Assignment | Your output should be everything below from the line containing "Сегодня техника зашла" down to the line containing "Bright green silk", both ends included, copied exactly, with pictures left out.

[Data listing Boundary: Start]

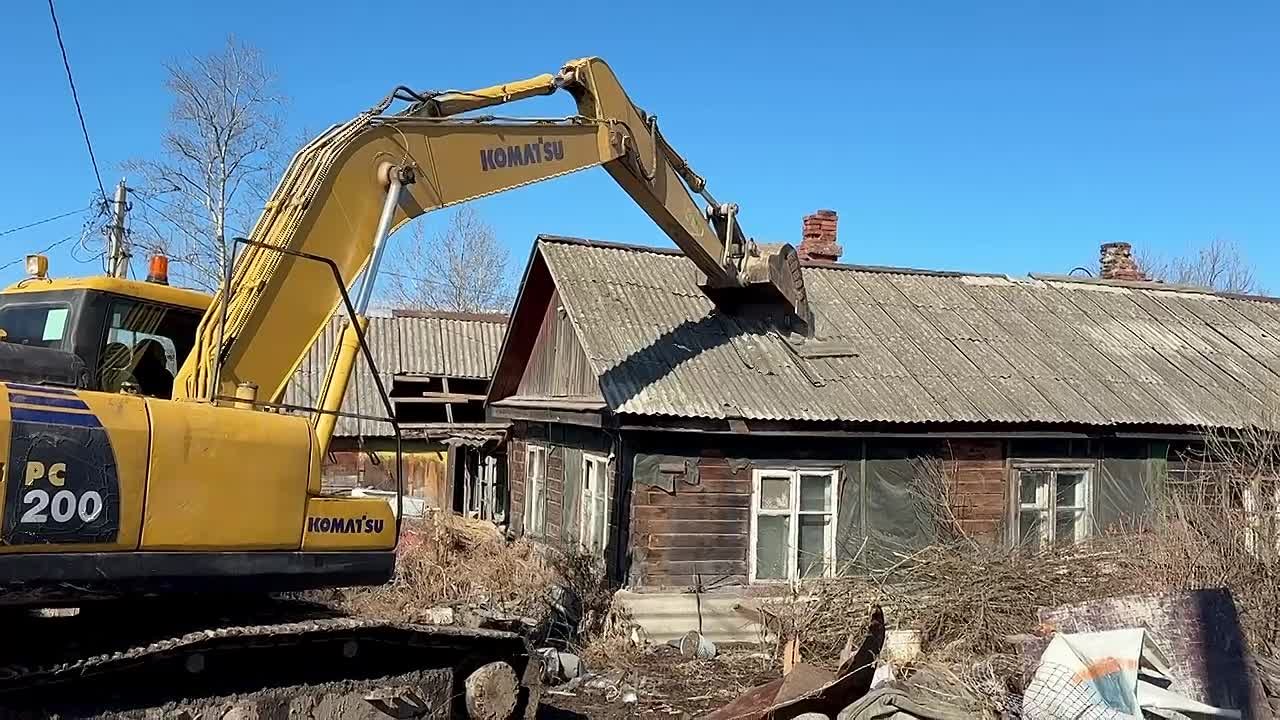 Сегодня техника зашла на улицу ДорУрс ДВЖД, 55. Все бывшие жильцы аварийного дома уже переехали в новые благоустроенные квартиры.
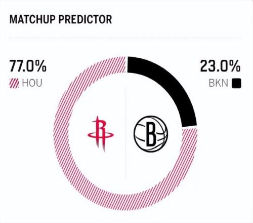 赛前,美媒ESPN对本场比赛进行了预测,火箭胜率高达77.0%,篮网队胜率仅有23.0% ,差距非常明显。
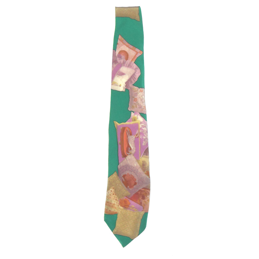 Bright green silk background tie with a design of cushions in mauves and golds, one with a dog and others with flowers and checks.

[Data listing Boundary: End]
[Data listing Boundary: Start]

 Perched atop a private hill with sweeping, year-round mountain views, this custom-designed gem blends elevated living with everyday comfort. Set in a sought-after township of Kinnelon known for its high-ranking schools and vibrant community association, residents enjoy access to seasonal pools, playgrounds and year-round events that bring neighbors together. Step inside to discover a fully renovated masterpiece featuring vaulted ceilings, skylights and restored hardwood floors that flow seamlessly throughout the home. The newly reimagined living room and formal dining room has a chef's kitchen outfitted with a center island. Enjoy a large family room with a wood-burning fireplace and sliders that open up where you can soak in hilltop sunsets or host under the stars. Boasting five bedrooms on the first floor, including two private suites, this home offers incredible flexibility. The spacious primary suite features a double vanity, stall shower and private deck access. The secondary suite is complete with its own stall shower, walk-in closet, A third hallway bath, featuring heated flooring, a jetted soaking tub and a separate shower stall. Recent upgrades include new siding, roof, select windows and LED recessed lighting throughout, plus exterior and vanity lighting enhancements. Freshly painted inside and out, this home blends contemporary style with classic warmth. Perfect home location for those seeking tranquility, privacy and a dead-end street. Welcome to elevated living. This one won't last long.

[Data listing Boundary: End]
[Data listing Boundary: Start]

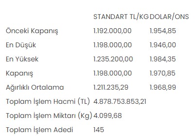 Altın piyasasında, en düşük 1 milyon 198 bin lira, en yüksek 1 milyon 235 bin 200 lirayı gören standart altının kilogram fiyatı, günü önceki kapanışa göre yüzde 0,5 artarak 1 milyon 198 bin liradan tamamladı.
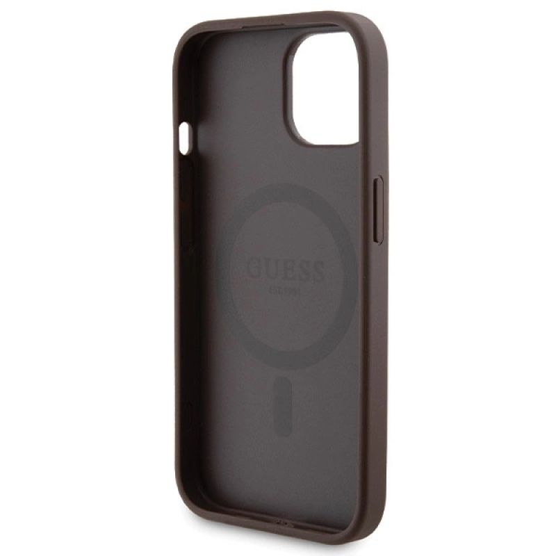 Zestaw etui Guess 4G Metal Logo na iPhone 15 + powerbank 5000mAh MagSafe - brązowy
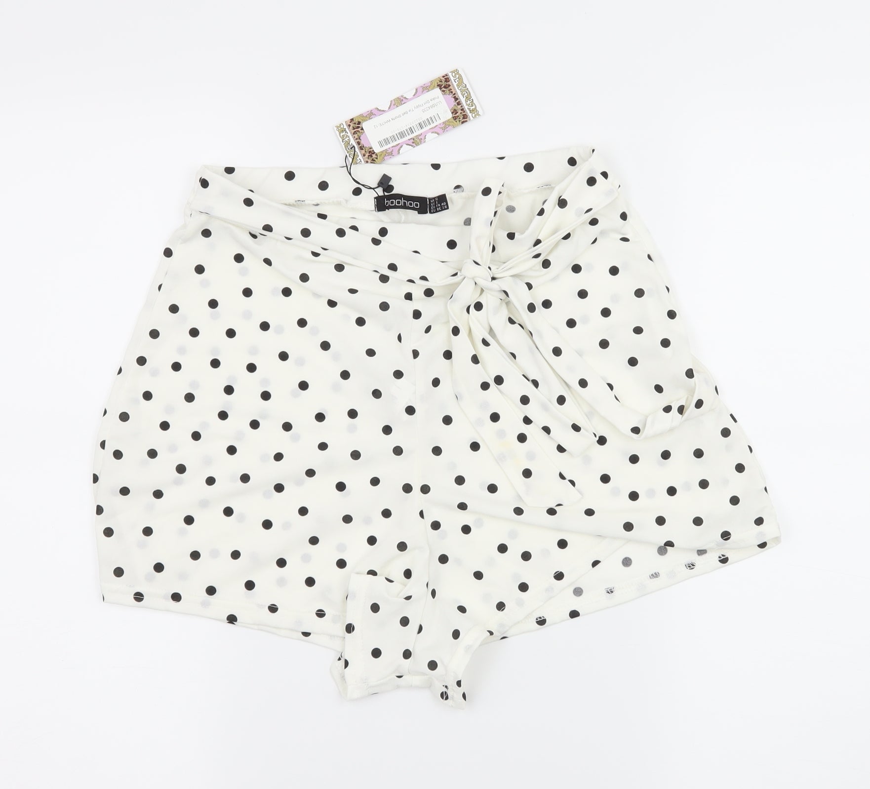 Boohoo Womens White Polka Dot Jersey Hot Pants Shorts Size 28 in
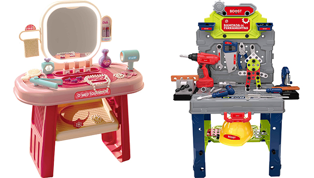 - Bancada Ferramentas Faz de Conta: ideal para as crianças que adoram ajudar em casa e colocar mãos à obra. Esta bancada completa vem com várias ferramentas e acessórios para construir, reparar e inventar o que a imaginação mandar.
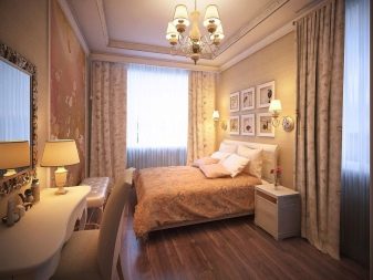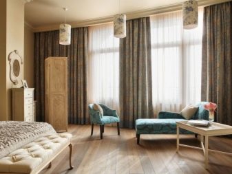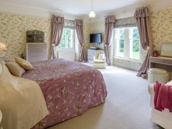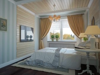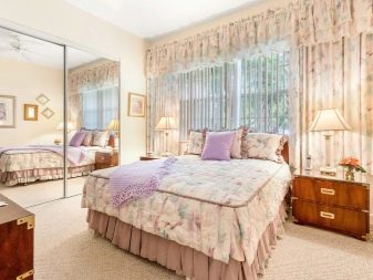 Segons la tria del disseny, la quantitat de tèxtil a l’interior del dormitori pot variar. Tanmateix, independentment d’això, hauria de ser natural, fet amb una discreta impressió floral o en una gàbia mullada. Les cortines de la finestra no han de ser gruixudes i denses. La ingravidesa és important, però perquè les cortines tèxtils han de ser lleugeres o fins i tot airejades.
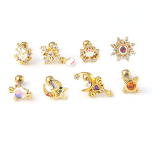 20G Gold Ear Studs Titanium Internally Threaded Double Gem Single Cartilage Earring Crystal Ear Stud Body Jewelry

[Data listing Boundary: End]

Task solution |
 Сегодня техника зашла на улицу ДорУрс ДВЖД, 55. Все бывшие жильцы аварийного дома уже переехали в новые благоустроенные квартиры.
 赛前,美媒ESPN对本场比赛进行了预测,火箭胜率高达77.0%,篮网队胜率仅有23.0% ,差距非常明显。
 Bright green silk background tie with a design of cushions in mauves and golds, one with a dog and others with flowers and checks.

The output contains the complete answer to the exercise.